▶ Records for this exercise
━━━

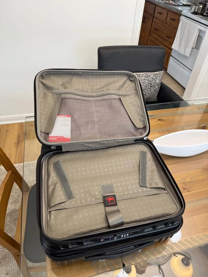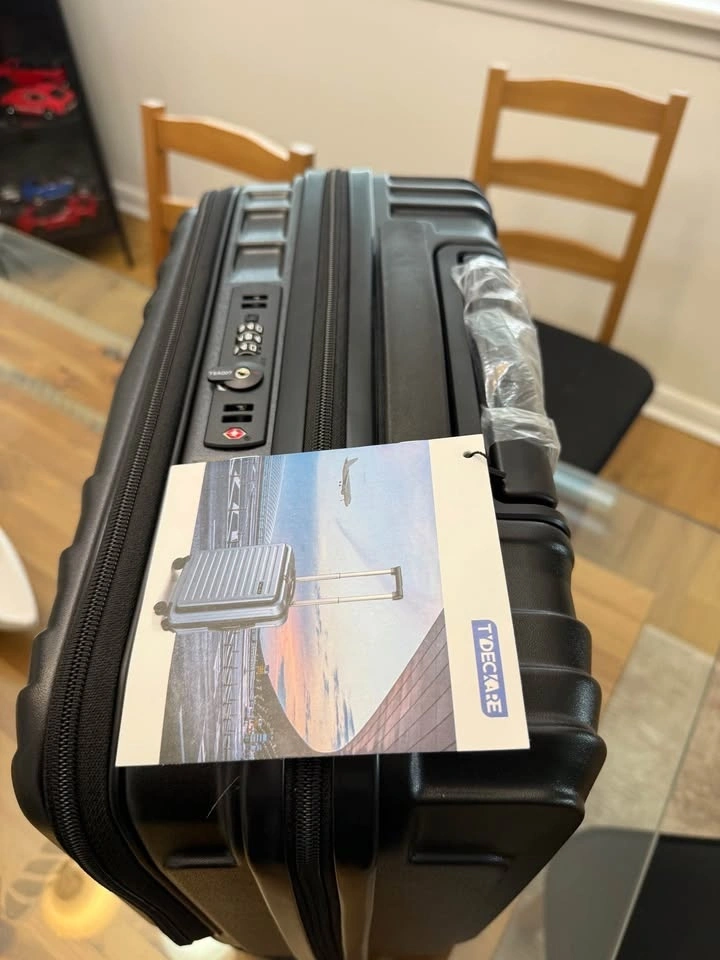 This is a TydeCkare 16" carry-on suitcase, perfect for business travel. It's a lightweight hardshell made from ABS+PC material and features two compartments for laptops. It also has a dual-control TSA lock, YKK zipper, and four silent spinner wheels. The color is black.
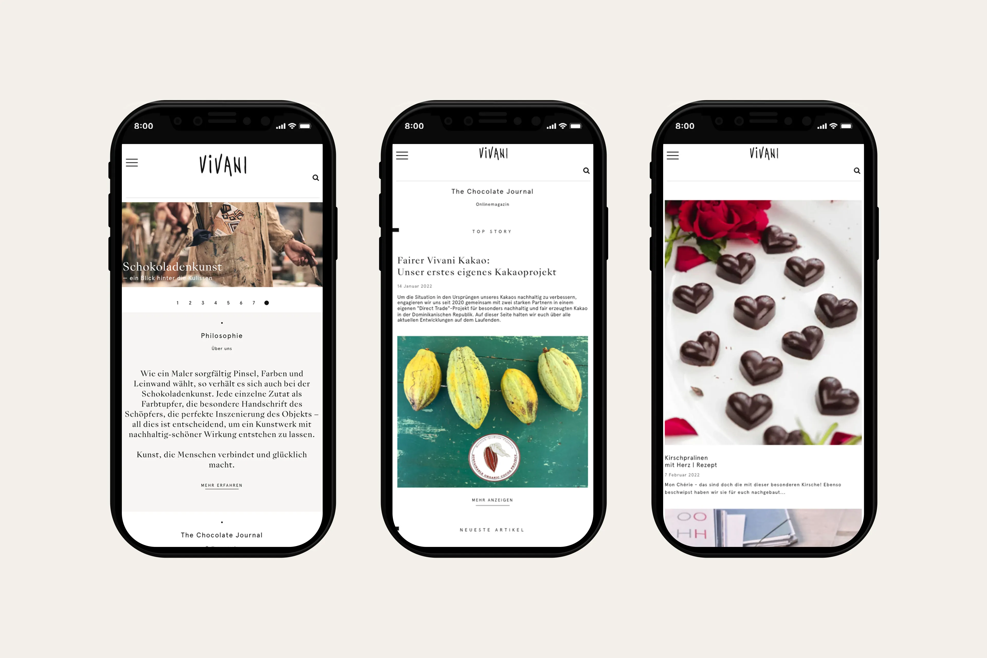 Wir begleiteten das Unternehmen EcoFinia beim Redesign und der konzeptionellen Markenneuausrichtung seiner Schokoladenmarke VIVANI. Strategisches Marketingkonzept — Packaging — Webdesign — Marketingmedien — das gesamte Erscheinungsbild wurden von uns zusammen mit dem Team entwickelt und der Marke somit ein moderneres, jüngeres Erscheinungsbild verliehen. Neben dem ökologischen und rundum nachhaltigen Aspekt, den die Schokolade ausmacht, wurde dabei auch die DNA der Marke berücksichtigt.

━━━

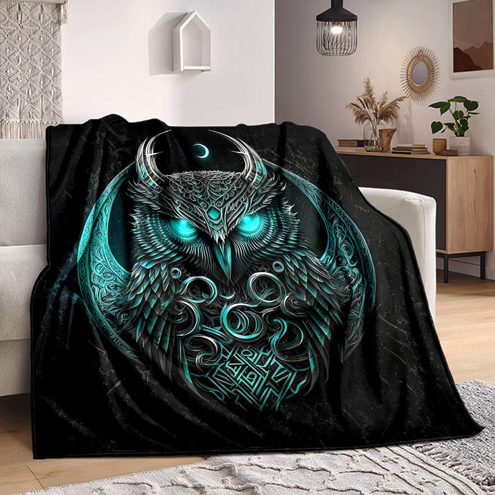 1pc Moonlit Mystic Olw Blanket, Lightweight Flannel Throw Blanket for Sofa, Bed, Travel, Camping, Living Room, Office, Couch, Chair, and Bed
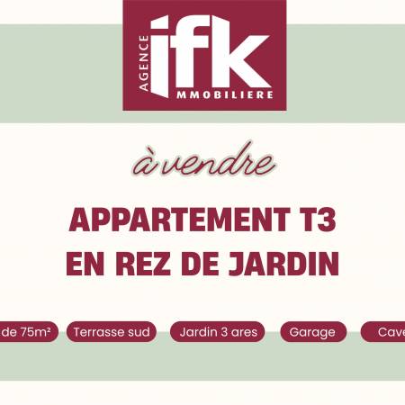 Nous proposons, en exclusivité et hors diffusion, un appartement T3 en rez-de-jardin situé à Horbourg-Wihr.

━━━

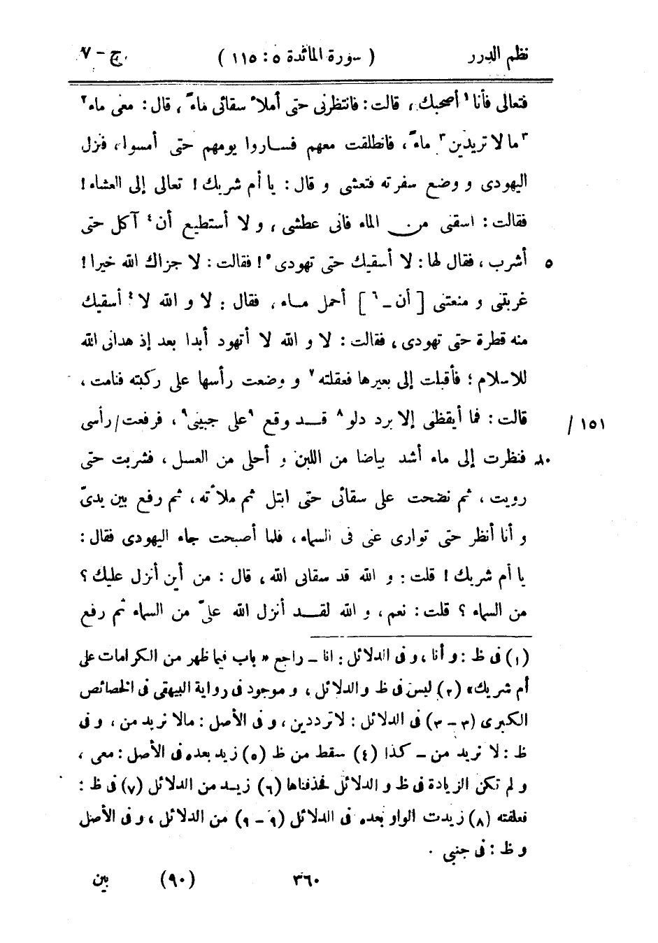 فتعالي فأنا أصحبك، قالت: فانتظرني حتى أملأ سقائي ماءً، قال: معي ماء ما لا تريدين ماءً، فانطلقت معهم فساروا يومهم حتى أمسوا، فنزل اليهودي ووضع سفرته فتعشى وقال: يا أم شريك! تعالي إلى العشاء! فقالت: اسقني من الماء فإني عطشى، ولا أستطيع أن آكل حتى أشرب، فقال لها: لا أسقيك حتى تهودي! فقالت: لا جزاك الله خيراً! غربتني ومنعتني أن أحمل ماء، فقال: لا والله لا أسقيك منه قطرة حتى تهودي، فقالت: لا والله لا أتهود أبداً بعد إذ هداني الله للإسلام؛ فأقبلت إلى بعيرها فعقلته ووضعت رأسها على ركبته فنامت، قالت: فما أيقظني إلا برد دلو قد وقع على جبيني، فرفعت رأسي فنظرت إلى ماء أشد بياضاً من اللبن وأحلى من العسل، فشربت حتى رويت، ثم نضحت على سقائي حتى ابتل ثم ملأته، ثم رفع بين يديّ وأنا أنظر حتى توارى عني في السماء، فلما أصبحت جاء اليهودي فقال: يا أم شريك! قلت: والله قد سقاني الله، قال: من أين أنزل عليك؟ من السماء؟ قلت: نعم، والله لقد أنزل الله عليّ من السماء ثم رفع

━━━

▶ What is being asked
Exercise for the records above: copy only the lines from the one with "This is a TydeCkare" to the one with "Wir begleiteten das", both ends kept, and drop the pictures.

▶ Your solution
 This is a TydeCkare 16" carry-on suitcase, perfect for business travel. It's a lightweight hardshell made from ABS+PC material and features two compartments for laptops. It also has a dual-control TSA lock, YKK zipper, and four silent spinner wheels. The color is black.
 Wir begleiteten das Unternehmen EcoFinia beim Redesign und der konzeptionellen Markenneuausrichtung seiner Schokoladenmarke VIVANI. Strategisches Marketingkonzept — Packaging — Webdesign — Marketingmedien — das gesamte Erscheinungsbild wurden von uns zusammen mit dem Team entwickelt und der Marke somit ein moderneres, jüngeres Erscheinungsbild verliehen. Neben dem ökologischen und rundum nachhaltigen Aspekt, den die Schokolade ausmacht, wurde dabei auch die DNA der Marke berücksichtigt.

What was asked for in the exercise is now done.